Three Steps To Emotional Wisdom

Three Steps to Emotional Wisdom

What do we do when we see emotions as negative flowers in us? Feeling anger, tension, or rage involves an instinctive response to want to control what we feel. But it is not strange for us to achieve the exact opposite. So, being aware of these and other emotional inner processes will help you look within yourself, on the wondrous road to emotional wisdom.

Emotional wisdom allows us to process our emotions better. That way we avoid unnecessary explosions at inappropriate times. And every now and then we avoid feeling suffocated by all those feelings swimming in and around us. Or the butterflies for someone who falls in love.

1. Emotional Wisdom: Don’t put your emotions in a box

What did people say to you when you were little? You will certainly recognize things like: ‘stop crying’, ‘a child your age shouldn’t have tantrums anymore’, ‘look how ugly your face is when you get angry’… All those comments from your parents seem harmless, but they Make sure you have taught yourself to suppress your emotions.

Plus, you grew up with other influences, like how they ‘ve insisted that men don’t cry or that women are too sensitive. These kinds of beliefs have, among other things, caused you to disconnect your self-expression from the emotions you feel, without meaning.

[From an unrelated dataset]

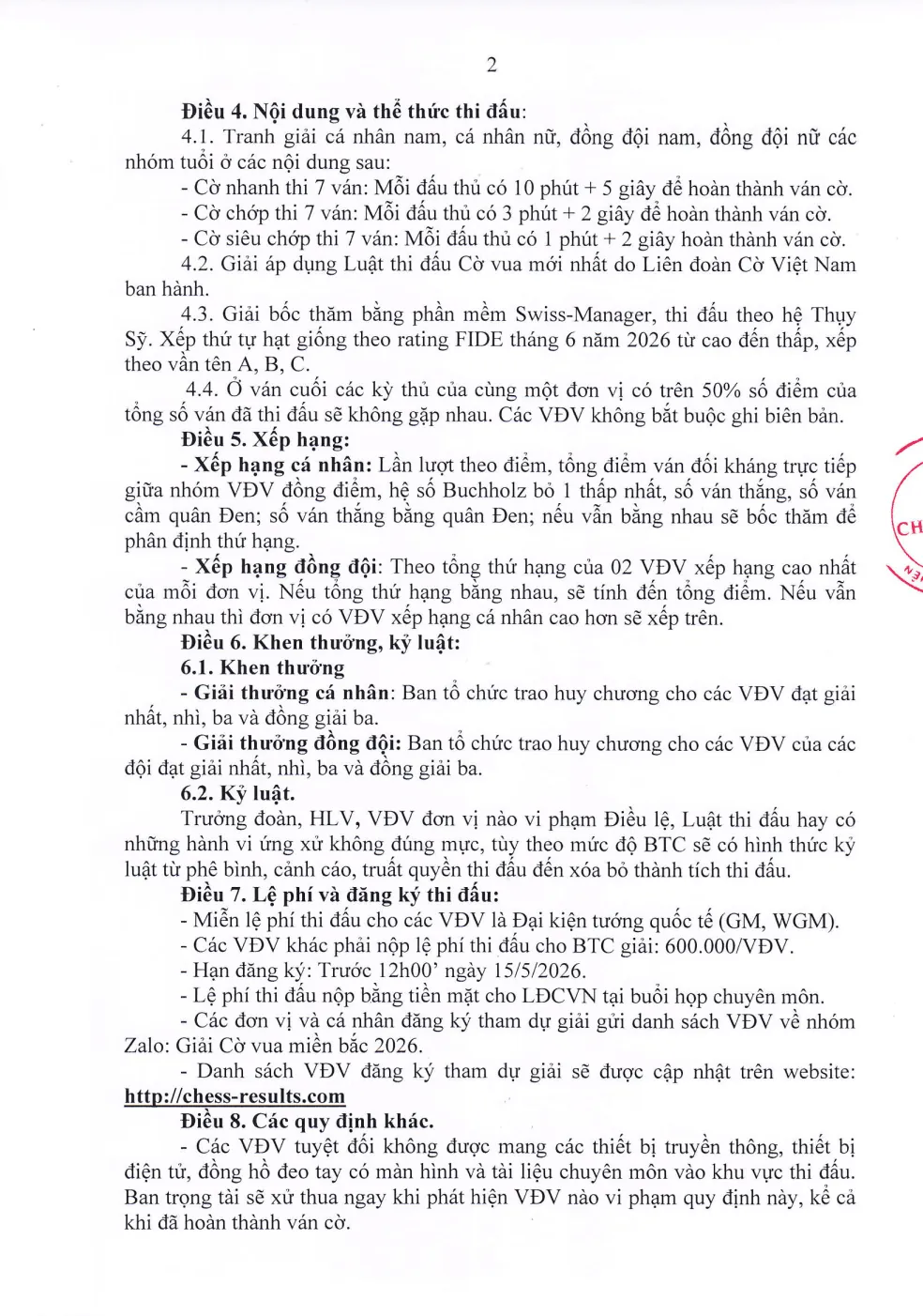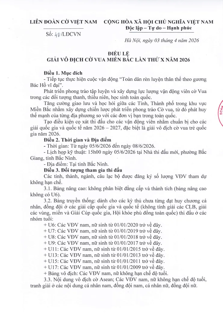 - Đăng ký qua nhóm Zalo: Giải Cờ vua miền Bắc 2026

Man holding a blue butterfly

It is important to know when you can give free rein to what you feel. For example, if you are in the middle of an important negotiation. Giving free rein to your anger or tears without control will not be the best for the future of the deal. But that doesn’t mean you can’t blow off steam afterwards. Or that you can’t express your anger without hurting the negotiation.

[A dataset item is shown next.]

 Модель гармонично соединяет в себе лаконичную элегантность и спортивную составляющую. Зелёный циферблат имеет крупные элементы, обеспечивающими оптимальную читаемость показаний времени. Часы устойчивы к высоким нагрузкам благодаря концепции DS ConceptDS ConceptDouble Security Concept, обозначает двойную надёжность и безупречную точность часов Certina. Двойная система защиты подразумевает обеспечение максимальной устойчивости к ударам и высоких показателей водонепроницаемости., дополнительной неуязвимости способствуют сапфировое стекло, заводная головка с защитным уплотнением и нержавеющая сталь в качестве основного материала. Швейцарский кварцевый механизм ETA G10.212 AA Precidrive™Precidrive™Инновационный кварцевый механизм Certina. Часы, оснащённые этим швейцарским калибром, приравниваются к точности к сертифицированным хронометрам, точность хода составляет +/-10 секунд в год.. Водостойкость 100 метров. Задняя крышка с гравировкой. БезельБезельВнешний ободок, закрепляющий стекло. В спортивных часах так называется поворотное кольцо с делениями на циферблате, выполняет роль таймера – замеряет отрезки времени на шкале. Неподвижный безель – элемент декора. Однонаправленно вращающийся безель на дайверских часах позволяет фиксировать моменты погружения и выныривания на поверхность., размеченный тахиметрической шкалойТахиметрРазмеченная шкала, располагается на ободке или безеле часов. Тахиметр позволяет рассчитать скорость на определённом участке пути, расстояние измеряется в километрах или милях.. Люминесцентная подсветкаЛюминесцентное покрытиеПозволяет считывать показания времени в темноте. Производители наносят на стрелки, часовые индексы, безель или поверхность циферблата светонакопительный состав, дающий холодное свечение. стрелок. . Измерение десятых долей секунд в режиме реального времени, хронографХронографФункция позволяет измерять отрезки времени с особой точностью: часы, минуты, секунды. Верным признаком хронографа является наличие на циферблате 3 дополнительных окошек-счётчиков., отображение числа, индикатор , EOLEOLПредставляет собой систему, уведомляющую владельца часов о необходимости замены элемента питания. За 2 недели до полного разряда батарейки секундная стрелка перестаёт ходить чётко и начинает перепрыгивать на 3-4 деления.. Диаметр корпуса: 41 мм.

You can express your emotions appropriately. If something is annoying or violent, if you got angry or if you don’t agree with something, just say it! With statements like “what you just said hurts,” you can release a little bit of that emotion you feel inside. And you can give the other a piece of information. From this he will understand: ‘I must not go down that road’.

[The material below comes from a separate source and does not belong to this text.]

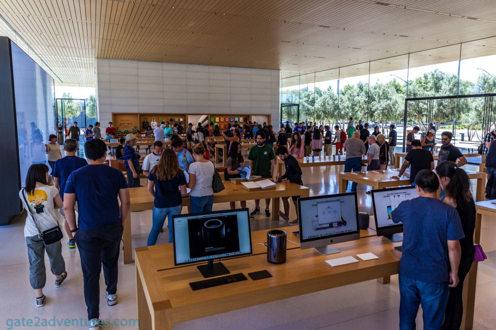Apple’s Flagship Store on Union Square in Downtown San Francisco is about a 50-mile drive north from the Apple Park Visitor Center. Parking nearby can be very hard to find, especially during the week and also super expensive in the Downtown area. Best way to visit is to park your car at the BART station in Millbrae near the San Francisco International Airport and take the train to Powel Street Station. From there it’s just a short walk to the Apple Store at Union Square.
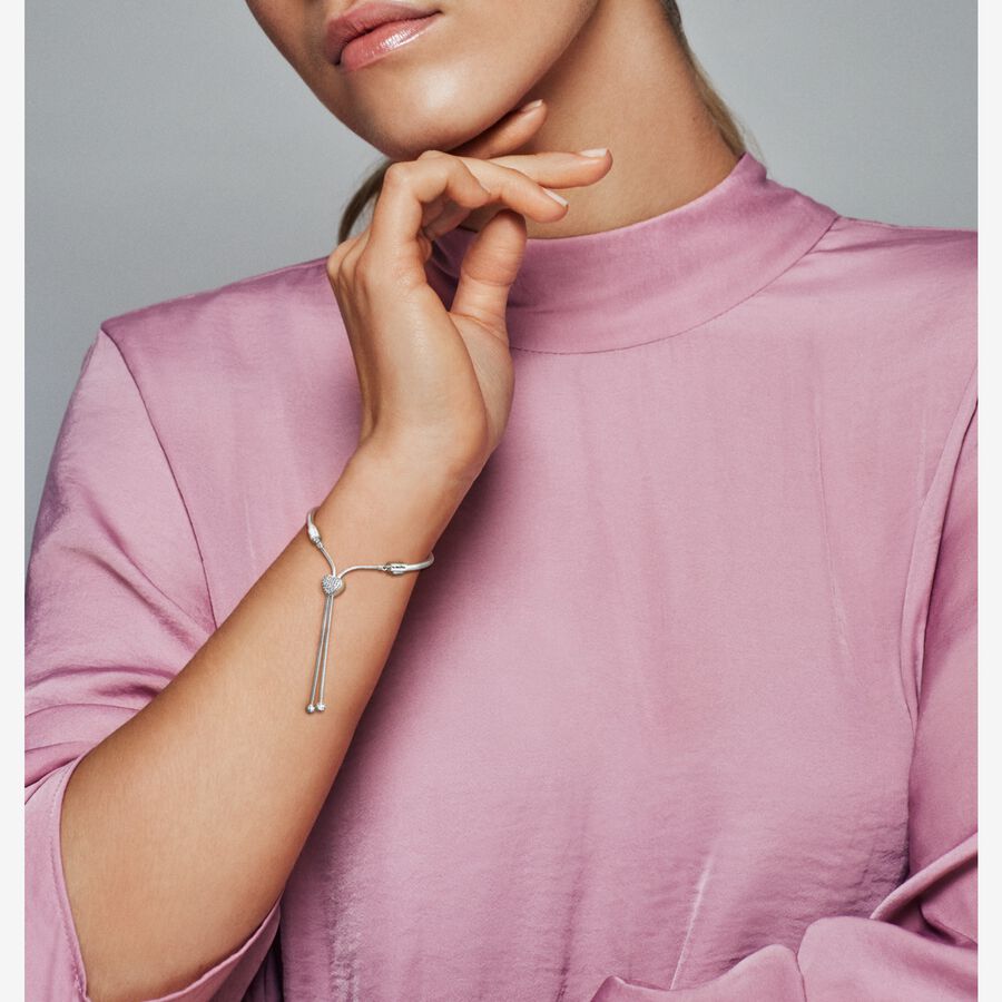 Pulsera Pandora Moments Cadena de Serpiente con Cierrre Deslizante Corazón en Pavé

2. Don’t always try to maintain the same control

Sometimes it’s not just that you can’t express your emotions to others. Instead, it’s that you try to control them when there’s nothing wrong with bringing them out. That is, have you ever tried to hold back your tears, even when you were home alone? If that’s the case, you’re trying to hold back an emotion that you might want to let go of.

All that emotional suppression we talked about earlier has given way to what we might call “emotional swallowing.” It’s something emotional wisdom wouldn’t evoke. The more emotions you swallow, the more they will build up. And sooner or later they will eventually come out.  The result of that digestion could be a huge disaster.

Girl who drives her big heart around in a wheelbarrow because of her emotional wisdom

You probably know someone, it could also be you, who explodes inappropriately at certain moments (on the outside). Moments that don’t really require that level of excessive aggressiveness, anger, or sadness that the person shows. This happens because they have been holding and swallowing a lot of emotions that are now being pushed out.

A single detonator can flood anything you try to control yourself. But ironically, it’s uncontrollable. You harm yourself. You suffer by turning yourself into a storehouse of emotions that makes you feel unwell. It’s time to let them out when you need to let them go.

3. No matter how human emotions are, we must learn to deal with them

Emotional wisdom doesn’t just suggest that you stop holding your emotions in. In fact, it also focuses on something very important: learning how to do it. Every emotion contributes something. A necessary lesson to know how to interpret an emotion before it disappears. Once we have listened to it and are ready to act, emotions are released to contribute energy to our actions.

So it’s not about treating them as enemies or suppressing them. If we see them this way, then they will probably play that role. Not because it is, but because we made it that way. More concretely, they will do what we expect them to do. If we expect our anger to ruin a party, it certainly will.

On the other hand, an emotion we ignore can lose its intensity. But this can also mean that we run the risk of this emotion resurfacing at any moment. Stronger, more compelling and when we are weakest… and more importantly, without learning anything.

When we spend years controlling and locking up what we feel, our bodies will eventually warn that something is not right. That is, it will make our emotions somatic. Let’s not allow that kind of damage. Let’s stop suffering and start expressing what we feel when our emotions demand it. This will make us feel much better.